*** Opening of Material for the task ***

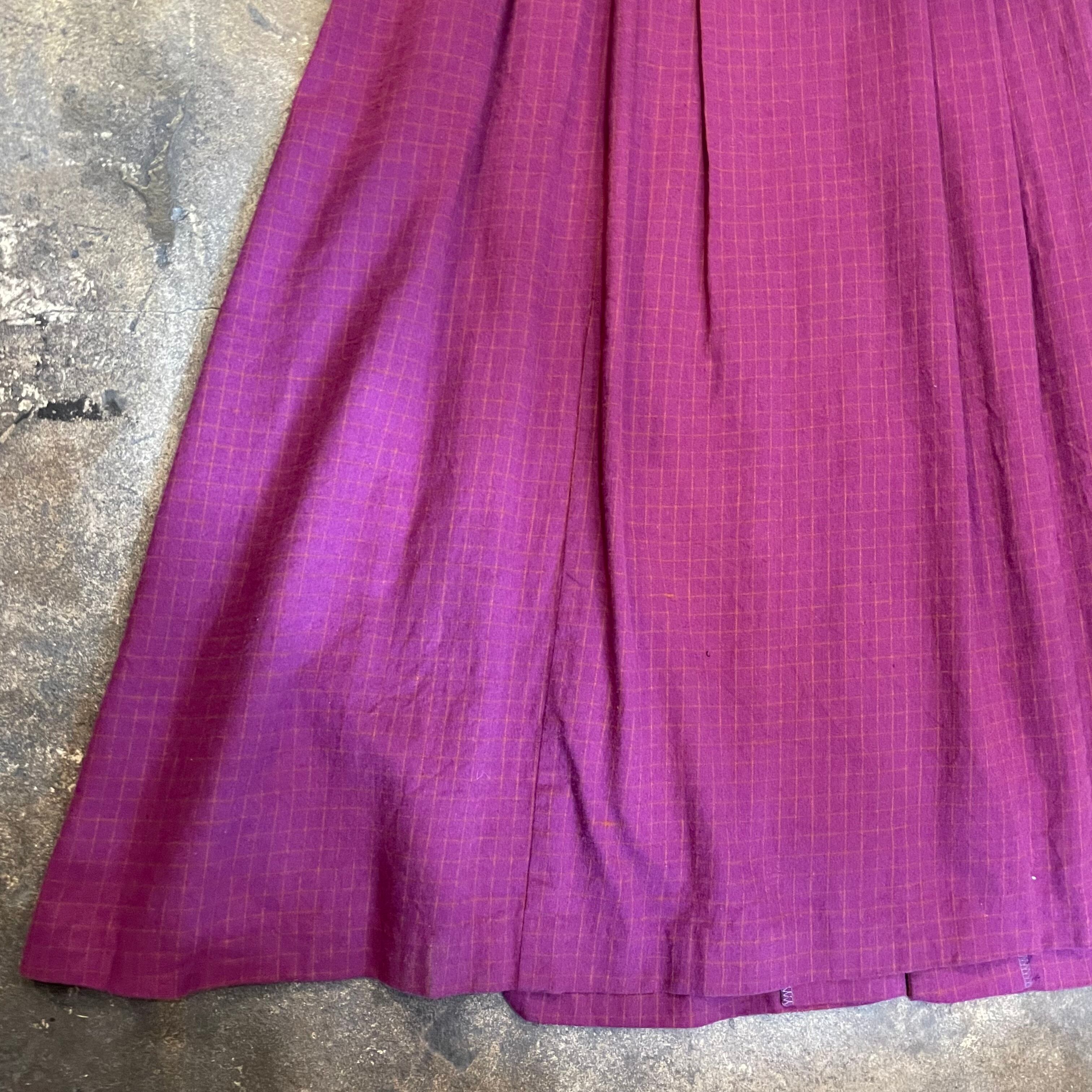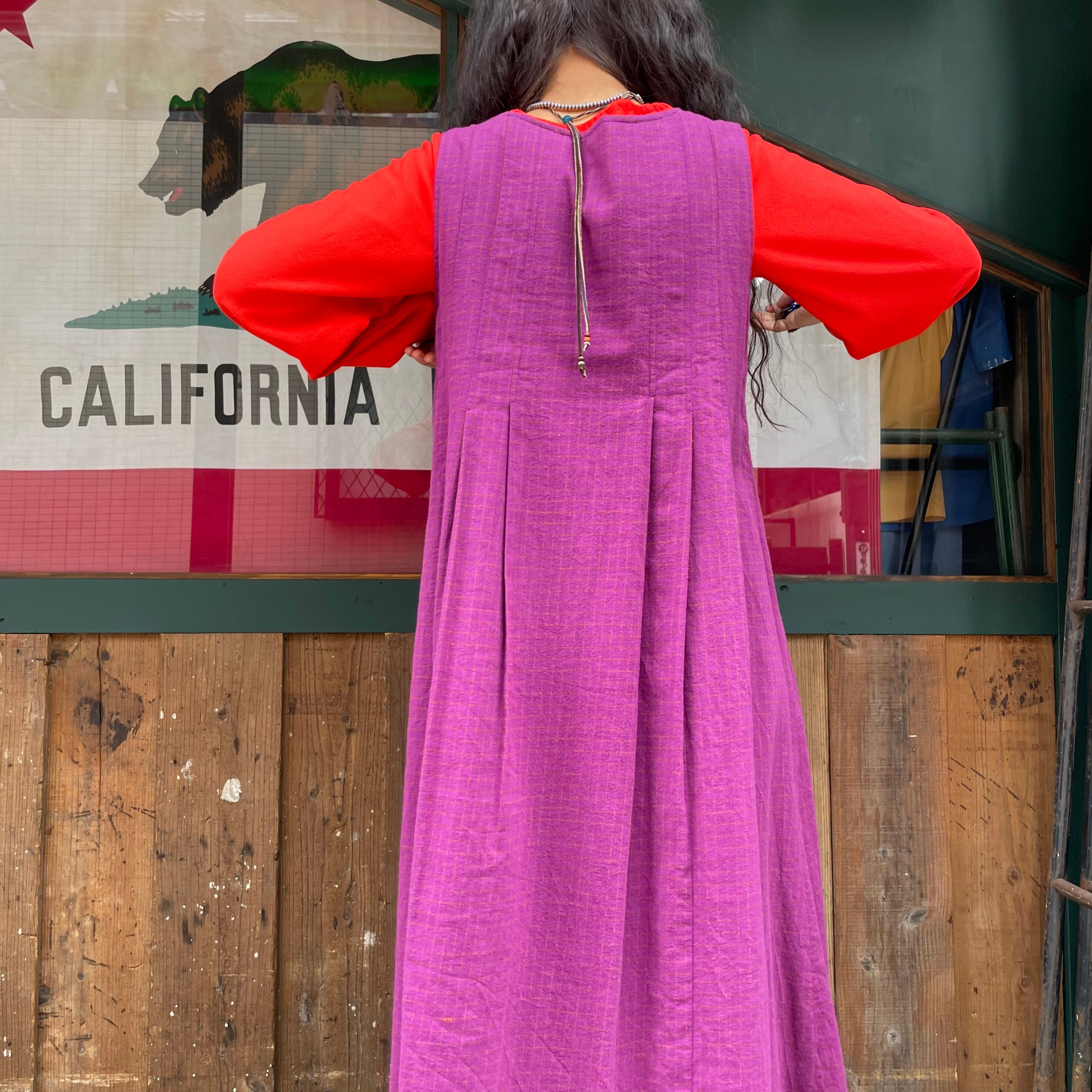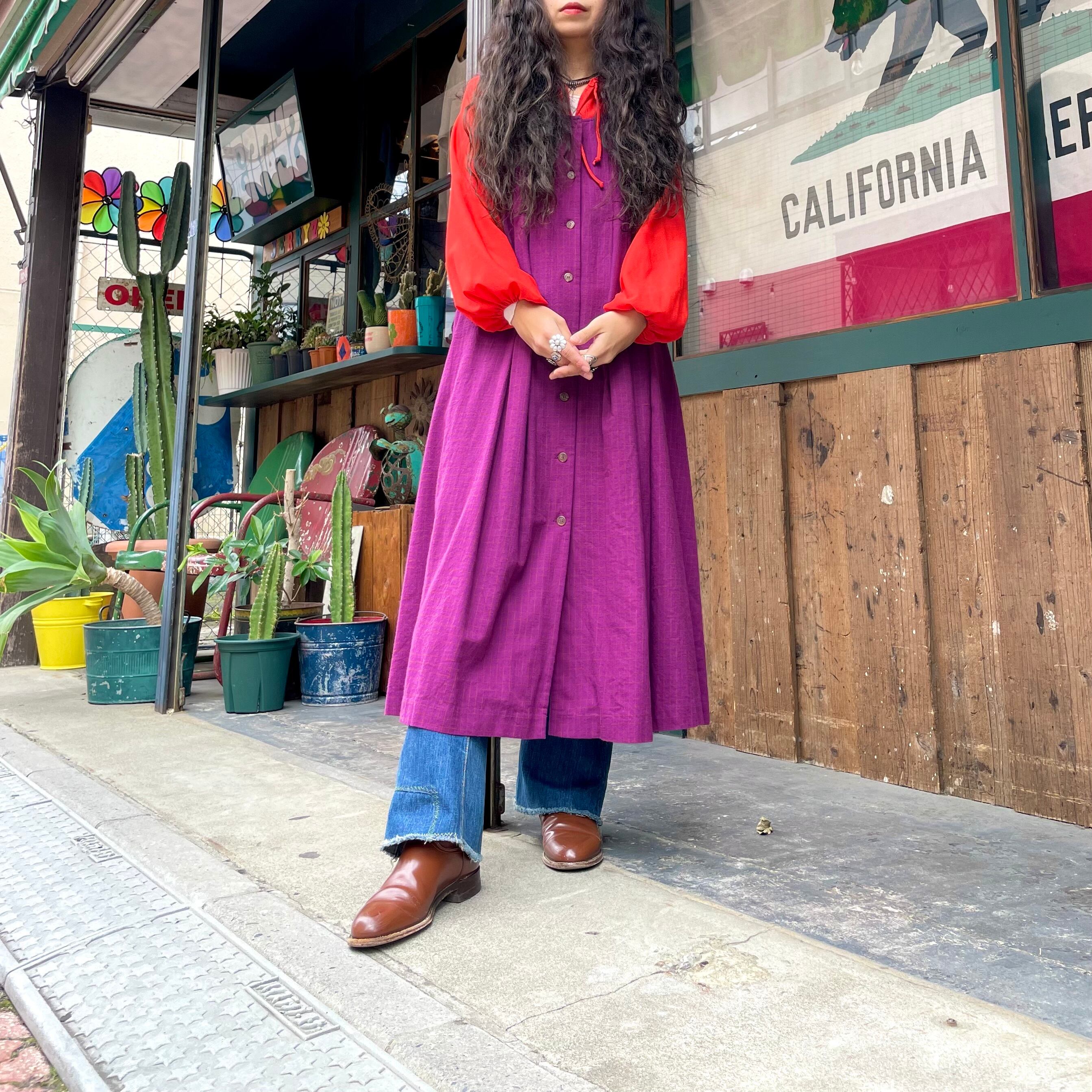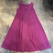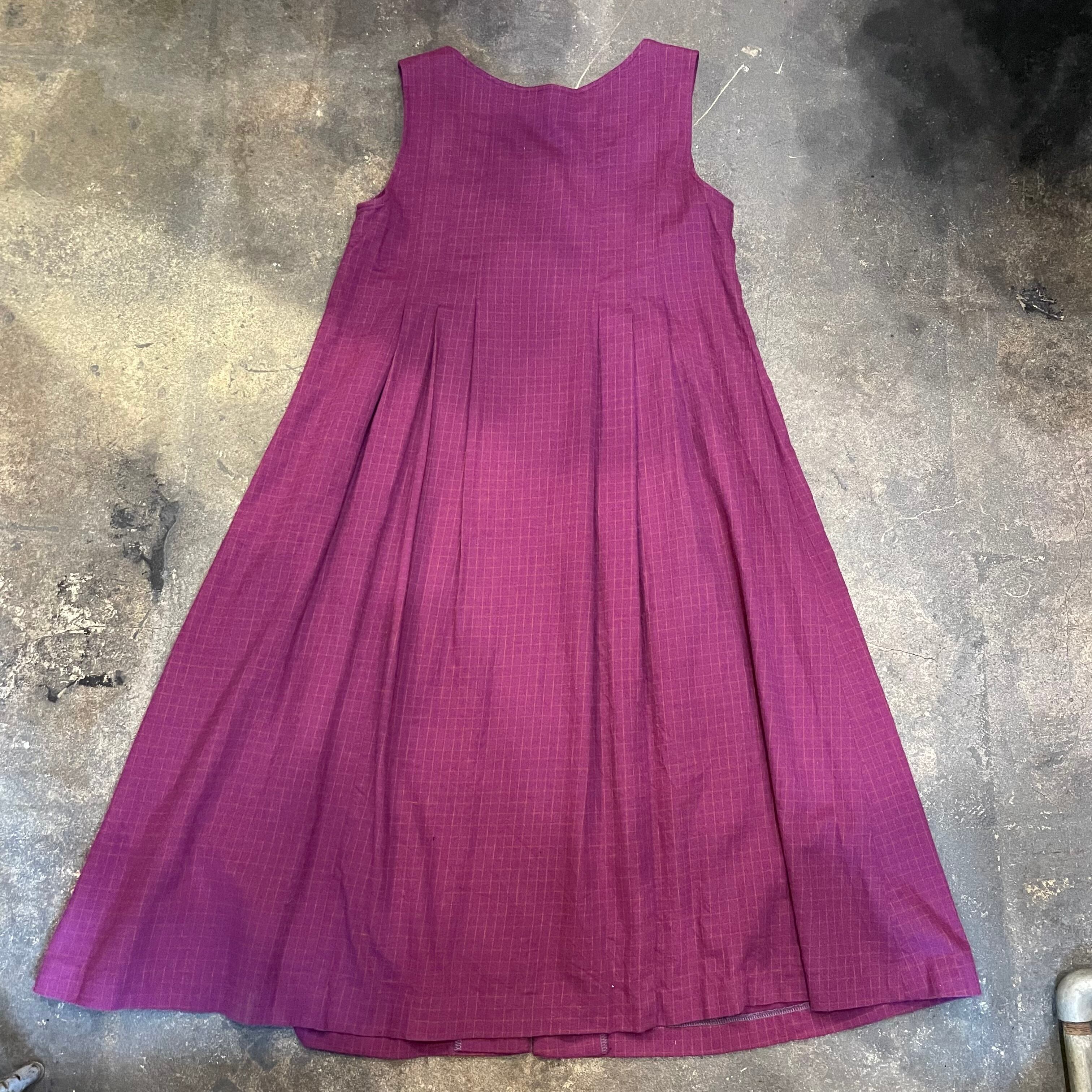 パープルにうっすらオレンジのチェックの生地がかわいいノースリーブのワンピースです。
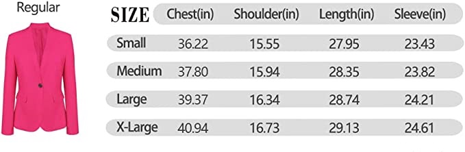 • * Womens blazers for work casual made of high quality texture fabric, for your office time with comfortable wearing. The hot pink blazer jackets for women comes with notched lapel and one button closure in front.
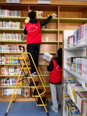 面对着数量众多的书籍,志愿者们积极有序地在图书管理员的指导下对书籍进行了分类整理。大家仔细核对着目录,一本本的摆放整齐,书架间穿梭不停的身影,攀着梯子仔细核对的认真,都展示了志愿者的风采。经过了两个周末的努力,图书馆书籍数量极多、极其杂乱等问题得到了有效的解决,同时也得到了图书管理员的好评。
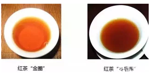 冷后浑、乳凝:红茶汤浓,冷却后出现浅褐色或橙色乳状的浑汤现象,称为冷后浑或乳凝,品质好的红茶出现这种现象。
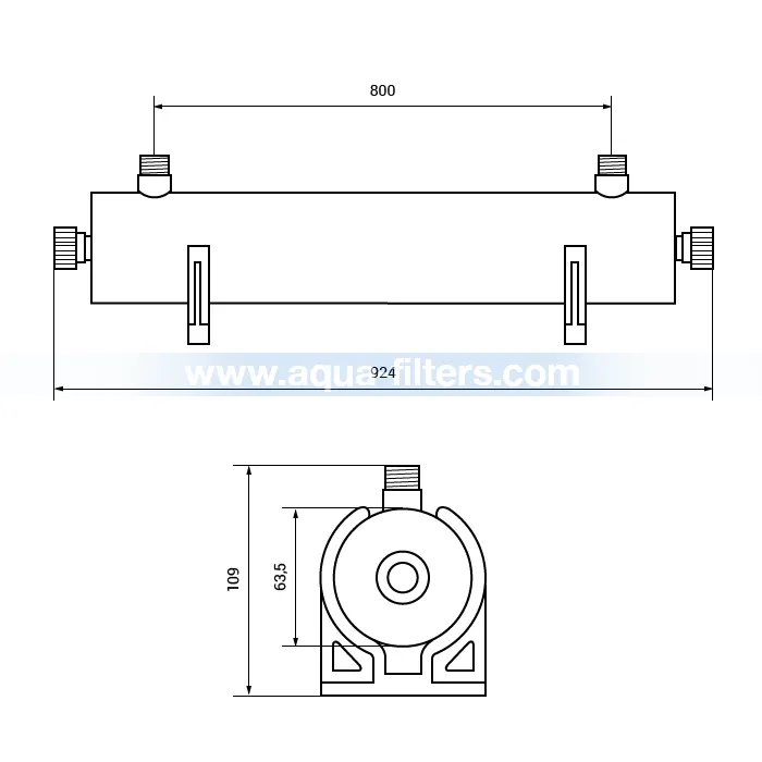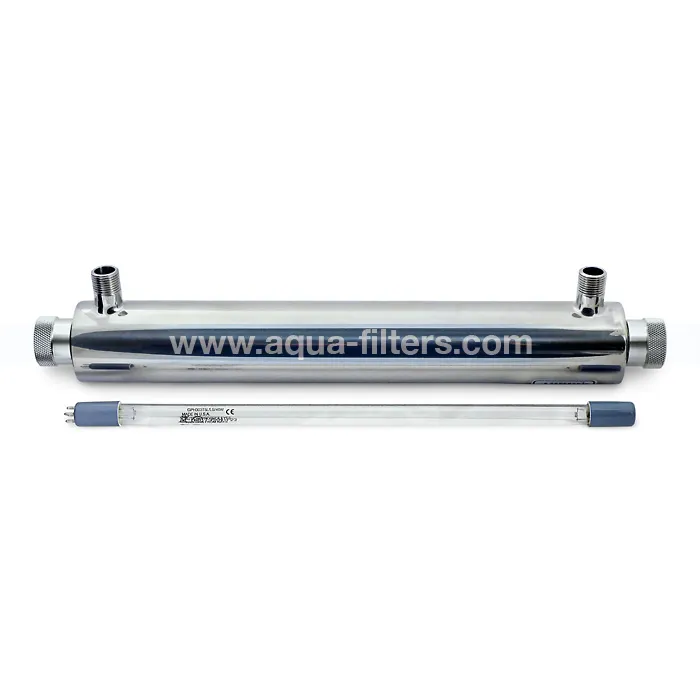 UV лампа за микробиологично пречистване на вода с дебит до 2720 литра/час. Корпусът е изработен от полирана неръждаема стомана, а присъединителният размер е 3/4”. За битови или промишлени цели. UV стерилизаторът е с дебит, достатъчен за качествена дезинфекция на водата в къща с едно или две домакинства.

*** Close of Material for the task ***

Only the lines from the first line of the data above through the line with "closure in front." should appear in the answer, retyped exactly, with every picture left out.

 パープルにうっすらオレンジのチェックの生地がかわいいノースリーブのワンピースです。
 • * Womens blazers for work casual made of high quality texture fabric, for your office time with comfortable wearing. The hot pink blazer jackets for women comes with notched lapel and one button closure in front.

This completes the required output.